In some programming languages, we can create function decorators or attributes that enables to enhance a specific function without altering its purpose. In Python, this can be done by defining a class with a __call__ method, which allows instances of the class to be callable like functions. Within the __call__ method, logic can be implemented to track telemetry data and then return the original function unchanged. Here's an example of a simple telemetry function decorator class:

class TelemetryDecorator:
    def __init__(self, tracking_type):
        self.tracking_type = tracking_type

    def __call__(self, func):
        def wrapped_func(*args, **kwargs):
            # Track telemetry data here
            print(f"Tracking {self.tracking_type} for function {func.__name__}")
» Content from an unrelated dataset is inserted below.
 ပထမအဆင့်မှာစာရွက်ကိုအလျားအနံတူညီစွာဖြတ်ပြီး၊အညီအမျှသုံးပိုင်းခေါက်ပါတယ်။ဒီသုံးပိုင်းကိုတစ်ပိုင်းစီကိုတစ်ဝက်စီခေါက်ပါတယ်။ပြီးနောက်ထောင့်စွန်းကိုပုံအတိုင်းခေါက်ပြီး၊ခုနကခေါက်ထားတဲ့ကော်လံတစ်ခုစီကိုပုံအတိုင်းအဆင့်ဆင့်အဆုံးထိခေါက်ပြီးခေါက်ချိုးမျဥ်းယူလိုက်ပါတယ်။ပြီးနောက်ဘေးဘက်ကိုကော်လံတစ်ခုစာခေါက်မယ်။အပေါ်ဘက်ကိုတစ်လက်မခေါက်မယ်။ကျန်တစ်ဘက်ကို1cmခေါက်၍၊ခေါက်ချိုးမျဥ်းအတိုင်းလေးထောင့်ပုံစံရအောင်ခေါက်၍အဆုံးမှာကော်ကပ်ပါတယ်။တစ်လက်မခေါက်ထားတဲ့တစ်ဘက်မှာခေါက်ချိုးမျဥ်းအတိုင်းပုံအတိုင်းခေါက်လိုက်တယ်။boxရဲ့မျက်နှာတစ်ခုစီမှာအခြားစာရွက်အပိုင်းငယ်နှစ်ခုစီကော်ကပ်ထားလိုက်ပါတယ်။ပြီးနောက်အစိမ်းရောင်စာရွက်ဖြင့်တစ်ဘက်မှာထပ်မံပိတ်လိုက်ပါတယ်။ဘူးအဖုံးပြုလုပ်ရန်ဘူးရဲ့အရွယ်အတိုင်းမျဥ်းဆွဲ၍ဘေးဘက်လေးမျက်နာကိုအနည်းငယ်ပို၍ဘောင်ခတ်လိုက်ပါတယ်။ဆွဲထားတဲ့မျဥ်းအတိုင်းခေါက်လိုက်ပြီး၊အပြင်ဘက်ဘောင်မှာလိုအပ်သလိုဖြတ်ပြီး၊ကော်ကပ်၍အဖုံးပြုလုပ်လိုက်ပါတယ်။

            # Call the original function with its parameters
            return func(*args, **kwargs)

        return wrapped_func

# Usage example:
@TelemetryDecorator(tracking_type="performance")
def my_task(x, y):
    return x + y

result = my_task(3, 5)

How to Run It

After installing the pre-requisites and reviewing the code, we are ready to run our pipeline and set up our orchestration by configuring our components, deployment image and scheduling the runs.
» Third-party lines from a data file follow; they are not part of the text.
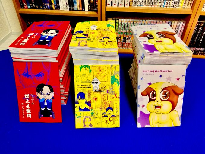 あと先考えずに大金かけて刷った『ジョナのオムニバスショートギャグ漫画』、『あなたの青春の詰め合わせ』、『ジョニーの燃えよ裁判』の3冊をご用意しておりますので、よしなに。
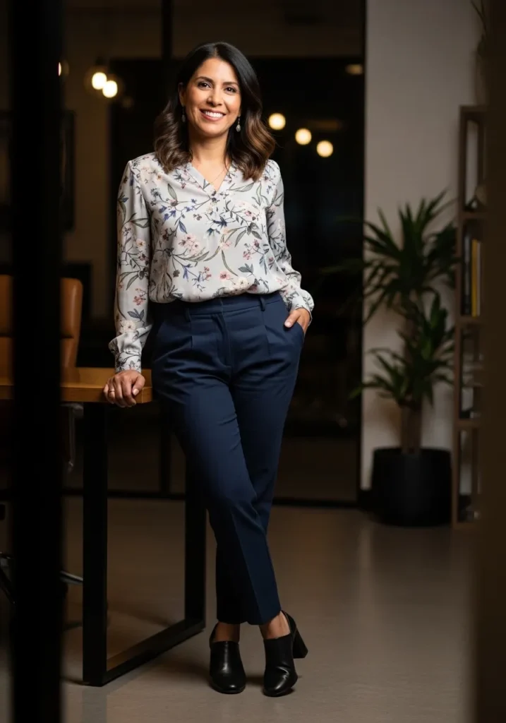 This is one of those looks I always reach for when I want to feel polished but not overly formal. The floral top keeps it from feeling too corporate, and the navy pants do all the heavy lifting in terms of structure. It feels flattering, grown up, and quietly stylish.
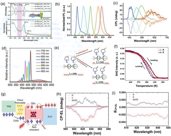 (a) Transmission CD spectra (up), and normalized extinction spectra of (S-MBA)2PbI4, (R-MBA)2PbI4, and (rac-MBA)2PbI4 films. (b) Fluorescence spectra of CsPbX3 NCs doped DGAm. and corresponding (c) mirror-image CPL spectra. (d) NLO spectra of a (R-MPEA)1.5PbBr3.5(DMSO)0.5 nanowire pumped at various wavelengths. (e) Design of Molecular Ferroelectrics through H/F Substitution. (f) Temperature-dependent second harmonic generation (SHG) response []. The schematic illustration of CP-EL emission in the spin-QLED (g), CP-EL degrees as a function of wavelength and related gCP-EL, (h,i) for the devices prepared with 0.05 m of chiral precursors []. Reprinted with permission from Ref. []. Copyright 2019, American Chemical Society. Reprinted with permission from Ref. []. Copyright 2023, Wiley.
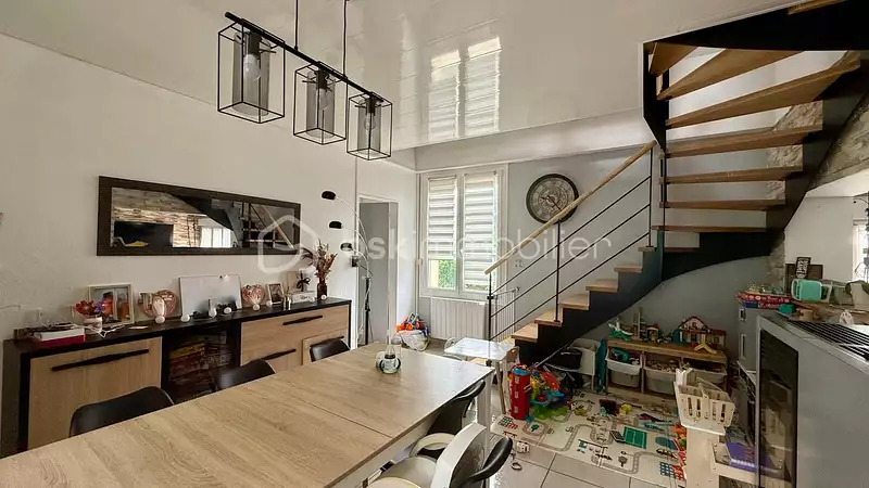 Cette maison est composée d'un salon/séjour lumineux équipé d'un poêle à granulés, de 3 chambres, d'une salle d'eau avec double vasque, d'un WC séparé, d'une cave ainsi que d'un ancien garage aménagé en salle de jeu, modulable selon vos besoins.
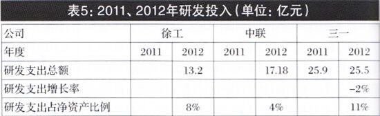 分析2011、2012年報表明,三一2012年研發(fā)投入25.5億元,占公司凈資產(chǎn)的11%,比2011年減少2%,研發(fā)投入出現(xiàn)下降趨勢;2012年,徐工研發(fā)投入13.2億元,占凈資產(chǎn)的8%;中聯(lián)研發(fā)投入17.18億,占凈資產(chǎn)的4%;徐工、中聯(lián)研發(fā)投入和占比,均低于三一(見表5)。由此可知,在打造公司核心競爭力,提升公司價值方面,三駕馬車研發(fā)投入的趨勢和占比均存在提升的空間。
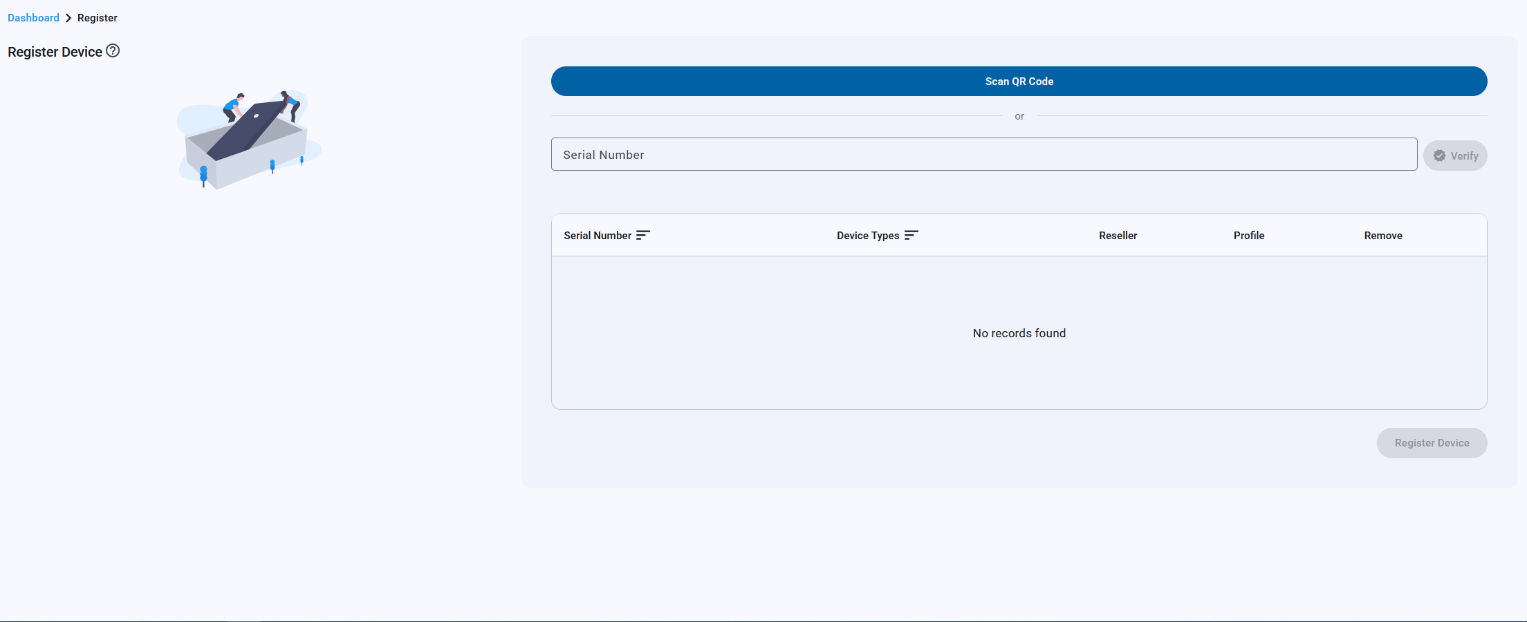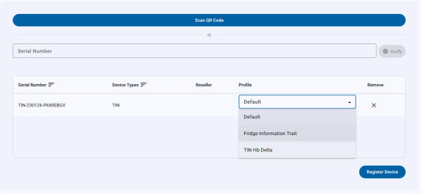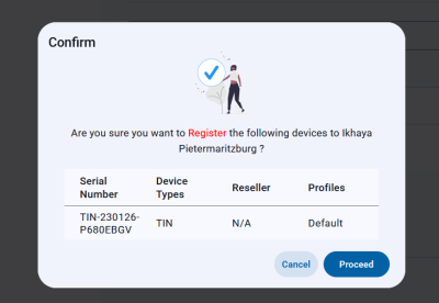 The serial number will then be entered into the table. Step 1 and 2 can be repeated if multiple devices are to be registered. Once complete click 'Register Devices' to complete registering devices to your account. A confirmation dialog will appear to confirm your registration

Install the code blocks or components for our credentials and data lake access

We should first authenticate our terminal with the cloud instance. This should enable us to call other APIs to register our components. We next register the block dependencies. From the blocks folder, we register our components by running the Python scripts. We then run a "block ls" command to see the components that have been registered.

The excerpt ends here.